Brata Vlad Dumitru, Incze Victor, Ismaiel Abdulrahman, Turtoi Daria Claudia, Grad Simona, Popovici Raluca, Duse Traian Adrian, Surdea-Blaga Teodora, Padureanu Alexandru Marius, David Liliana, Dita Miruna Oana, Baldea Corina Alexandrina, Popa Stefan Lucian
Faculty of Medicine, "Iuliu Hatieganu" University of Medicine and Pharmacy, 400000 Cluj-Napoca, Romania.

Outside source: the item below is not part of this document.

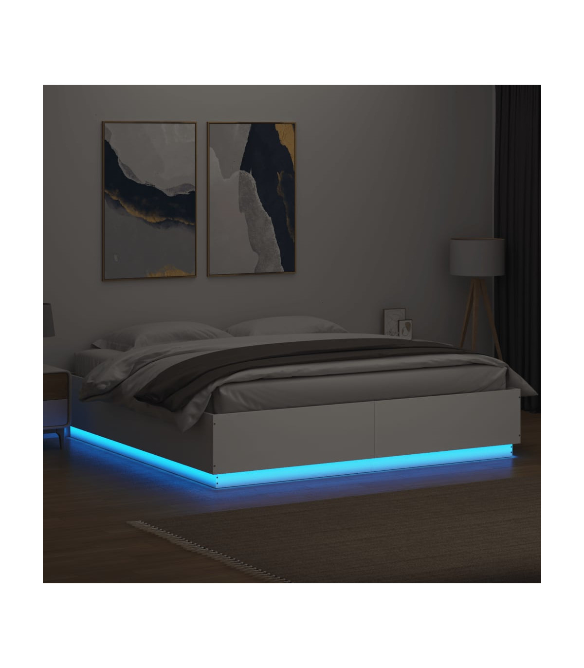 Get a better restful night's sleep from this bed frame with LED lights! It makes a welcoming addition to any bedroom. Durable material: The engineered wood is of exceptional quality with smooth surface and also features strength, stability and resistance to moisture.RGB LED lights: The bed frame is equipped with vibrant RGB LED lights. With various customisable menus, you can effortlessly change the colour of the lights and even set them to adjust automatically. These LED lights not only enhance the contemporary look of the bed base but also add to its trendy appeal.Sturdy slats: The plywood slats provide good weight distribution, ensuring that the mattress stays in place with every twist and turn of your body during sleep. Good to know:A mattress is not included with this bed. We do offer a various selection of mattresses. You can check our shop for a matching mattress.The product has a USB connector that requires a certified 5V USB power source (not included).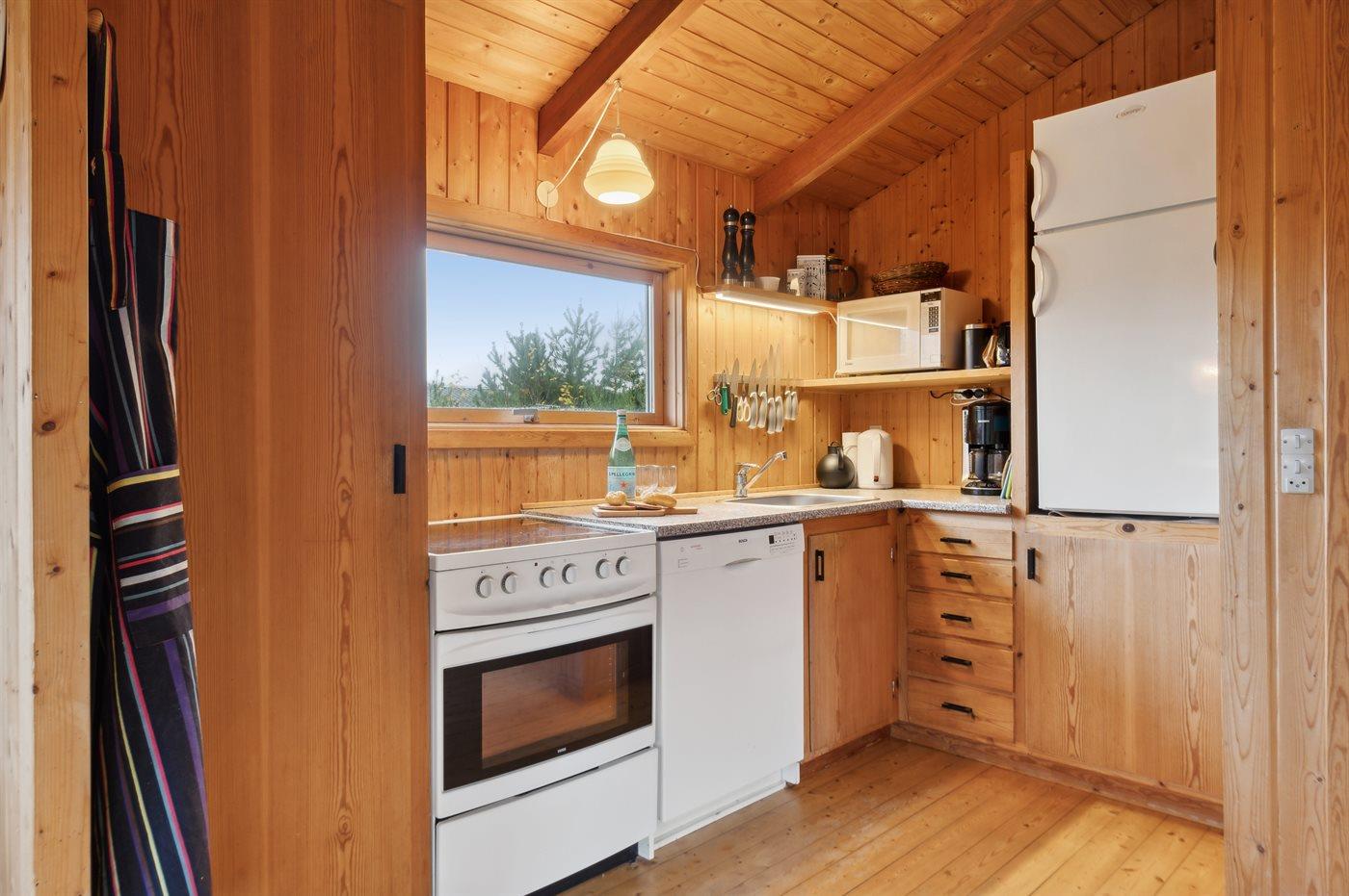 De keuken is uitgerust met koelkast Er zijn 4 keramische kookplaten, heteluchtoven, magnetron en vaatwasser.

2nd Medical Department, "Iuliu Hatieganu" University of Medicine and Pharmacy, 400000 Cluj-Napoca, Romania.
J Pers Med. 2024 Sep 23;14(9):1012. doi: 10.3390/jpm14091012.
Esophageal varices, dilated submucosal veins in the lower esophagus, are commonly associated with portal hypertension, particularly due to liver cirrhosis. The high morbidity and mortality linked to variceal hemorrhage underscore the need for accurate diagnosis and effective management. The traditional method of assessing esophageal varices is esophagogastroduodenoscopy (EGD), which, despite its diagnostic and therapeutic capabilities, presents limitations such as interobserver variability and invasiveness. This review aims to explore the role of artificial intelligence (AI) in enhancing the management of esophageal varices, focusing on its applications in diagnosis, risk stratification, and treatment optimization.

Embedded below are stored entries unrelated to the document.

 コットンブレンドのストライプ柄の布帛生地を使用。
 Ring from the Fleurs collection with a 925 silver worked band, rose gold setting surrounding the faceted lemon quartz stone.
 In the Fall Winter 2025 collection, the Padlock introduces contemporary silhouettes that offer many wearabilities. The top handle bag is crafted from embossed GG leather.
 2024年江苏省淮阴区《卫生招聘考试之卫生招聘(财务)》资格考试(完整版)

This systematic review focuses on the capabilities of AI algorithms to analyze clinical scores, laboratory data, endoscopic images, and imaging modalities like CT scans.
AI-based systems, particularly machine learning (ML) and deep learning (DL) algorithms, have demonstrated the ability to improve risk stratification and diagnosis of esophageal varices, analyzing vast amounts of data, identifying patterns, and providing individualized recommendations. However, despite these advancements, clinical scores based on laboratory data still show low specificity for esophageal varices, often requiring confirmatory endoscopic or imaging studies.

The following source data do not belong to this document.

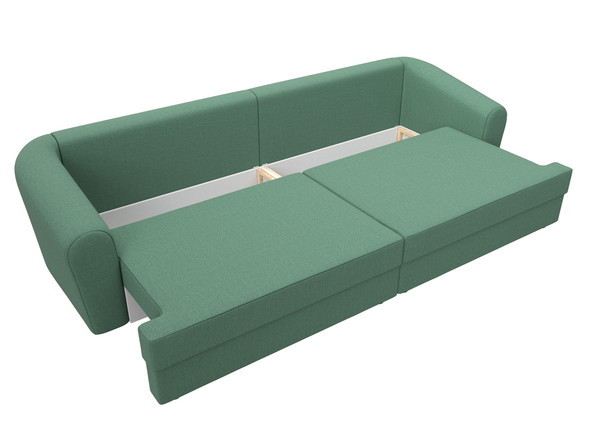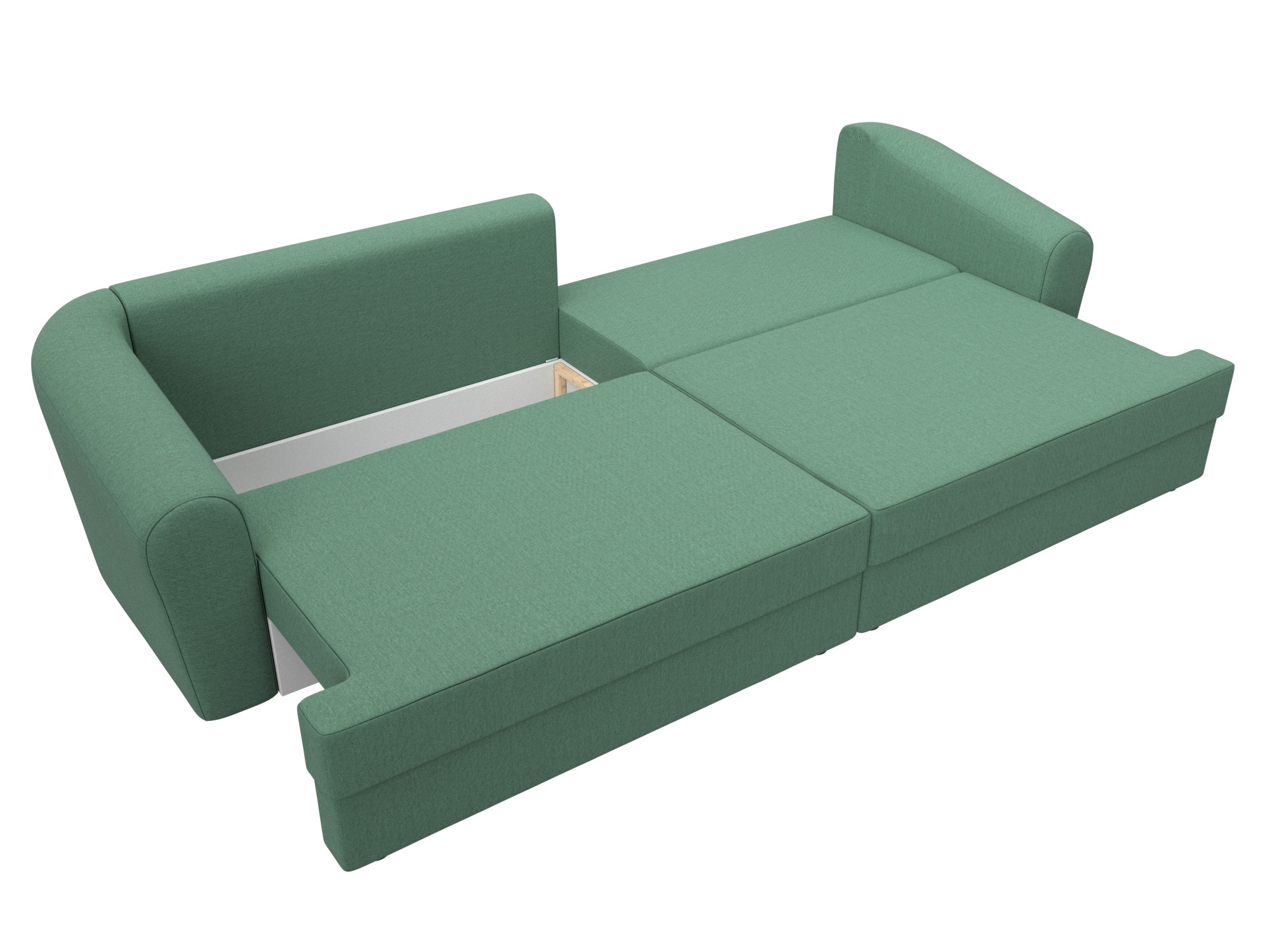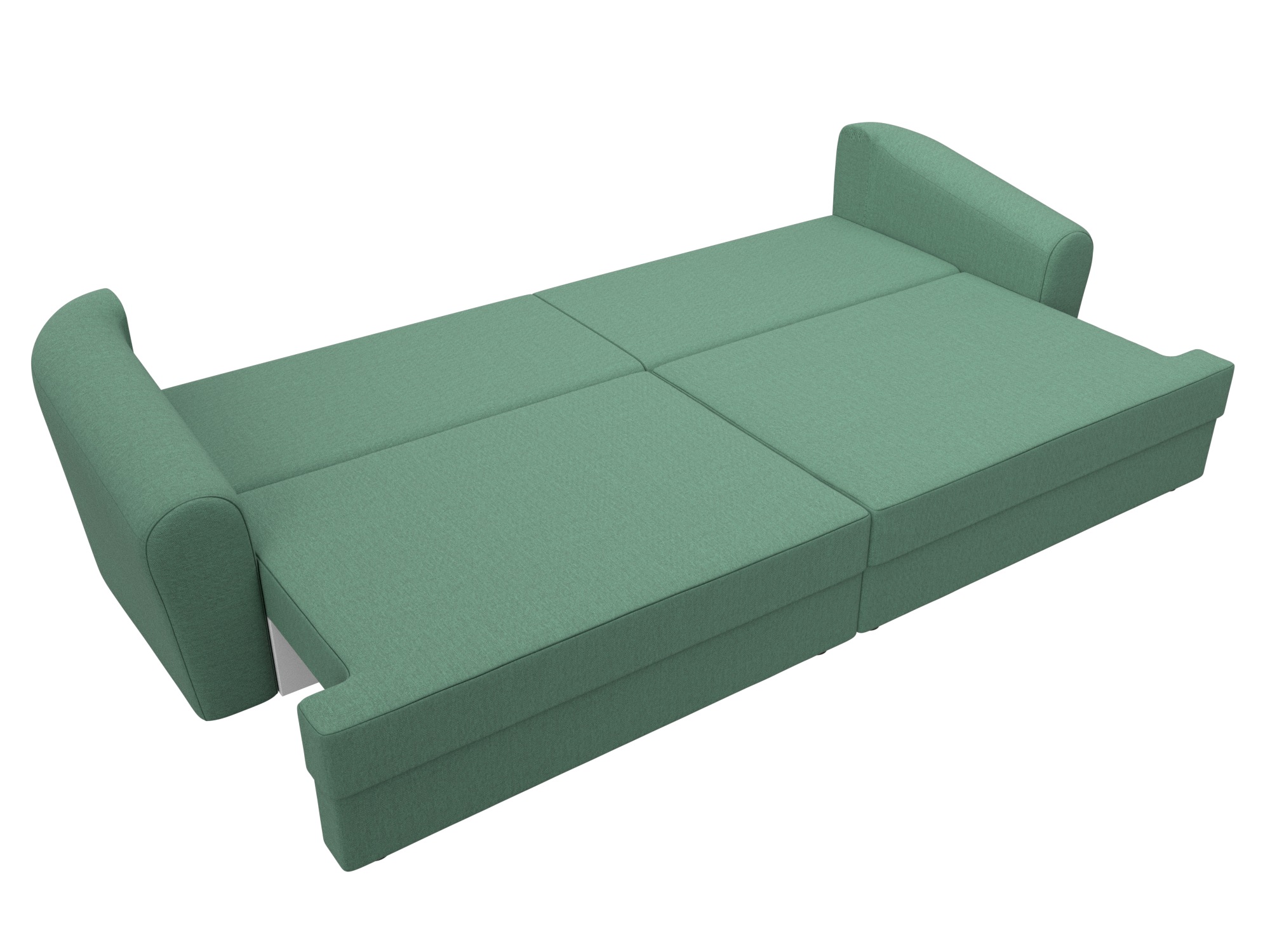 Механизм раскладки: еврокнижка. Система состоит из прочных кронштейнов и стальных роликовых направляющих. Трансформировать прямой диван в кровать можно выдвину вперед сиденья, опустив спинки в ниши.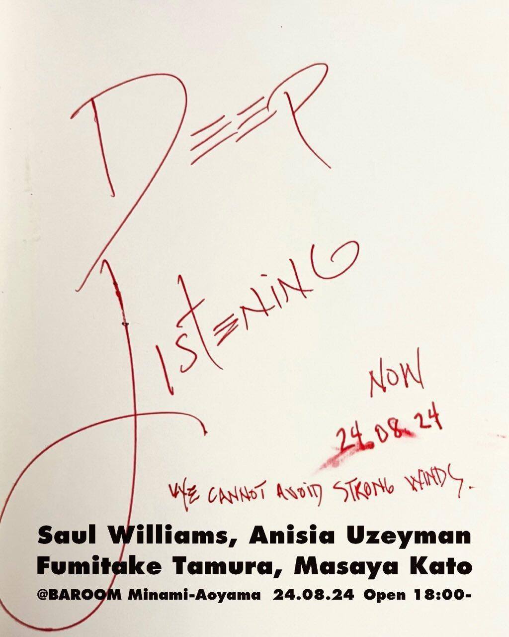 8月16日(金)にSaul WilliamsとAnisia Uzeymanを迎えての開催が予定されながらも、台風7号の影響により中止となったイベント「DEEP Listening」が、タイトルも新たに「DEEP Listening, NOW.」として8月24日(土)に東京・南青山 BAROOMにて同ラインナップで開催されます。当日に先駆けて公開されているフライヤー・アートは、Williams直筆のメッセージをあしらったもの。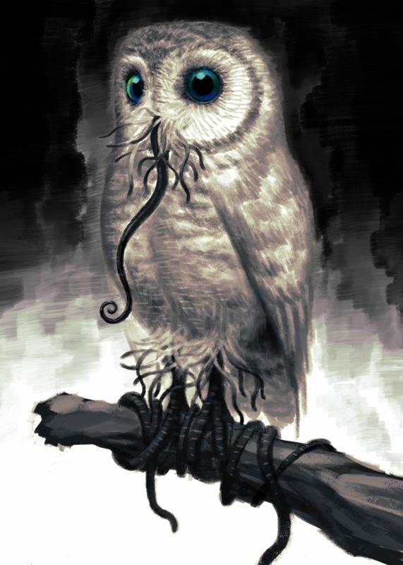 animal_focus bird blue_eyes branch full_body horror_(theme) kahadu_(kawazu) monochrome monster no_humans original owl solo spot_color tendril white_fur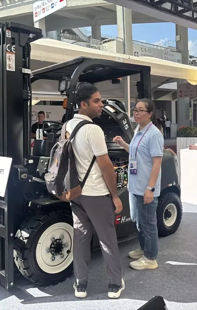TCF外贸副总李欢向客户介绍该款产品:军创荣耀叉车是一款重新定义性价比的产品,它采用了309V高压平台,配合30kW大功率永磁同步电机,在高强度的作业节奏下,动力性能依然表现卓越,超越同级燃油叉车。我们深知续航与电池寿命是客户的关切核心,该款叉车搭载宁德时代原厂电池包,满电综合工况续航8小时,并提供8年的电池质保,彻底打消续航焦虑,同时为企业节省大量运营开支。

AI integration in managing esophageal varices offers significant potential for advancing diagnosis, risk assessment, and treatment strategies. While promising, AI systems should complement rather than replace traditional methods, ensuring comprehensive patient evaluation. Further research is needed to refine these technologies and validate their efficacy in clinical practice.
食管静脉曲张是指食管下段黏膜下静脉扩张,通常与门静脉高压有关,尤其是由肝硬化引起的。与静脉曲张出血相关的高发病率和死亡率凸显了准确诊断和有效管理的必要性。评估食管静脉曲张的传统方法是食管胃十二指肠镜检查(EGD),尽管它具有诊断和治疗能力,但存在诸如观察者间差异和侵入性等局限性。本综述旨在探讨人工智能(AI)在加强食管静脉曲张管理中的作用,重点关注其在诊断、风险分层和治疗优化方面的应用。
本系统综述聚焦于人工智能算法分析临床评分、实验室数据、内镜图像以及CT扫描等成像方式的能力。
基于人工智能的系统,特别是机器学习(ML)和深度学习(DL)算法,已证明有能力改善食管静脉曲张的风险分层和诊断,能够分析大量数据、识别模式并提供个性化建议。然而,尽管有这些进展,基于实验室数据的临床评分对食管静脉曲张的特异性仍然较低,通常需要进行内镜或影像学检查来确诊。
人工智能在食管静脉曲张管理中的整合为推进诊断、风险评估和治疗策略提供了巨大潜力。虽然前景广阔,但人工智能系统应补充而非取代传统方法,以确保对患者进行全面评估。需要进一步研究来完善这些技术并验证其在临床实践中的疗效。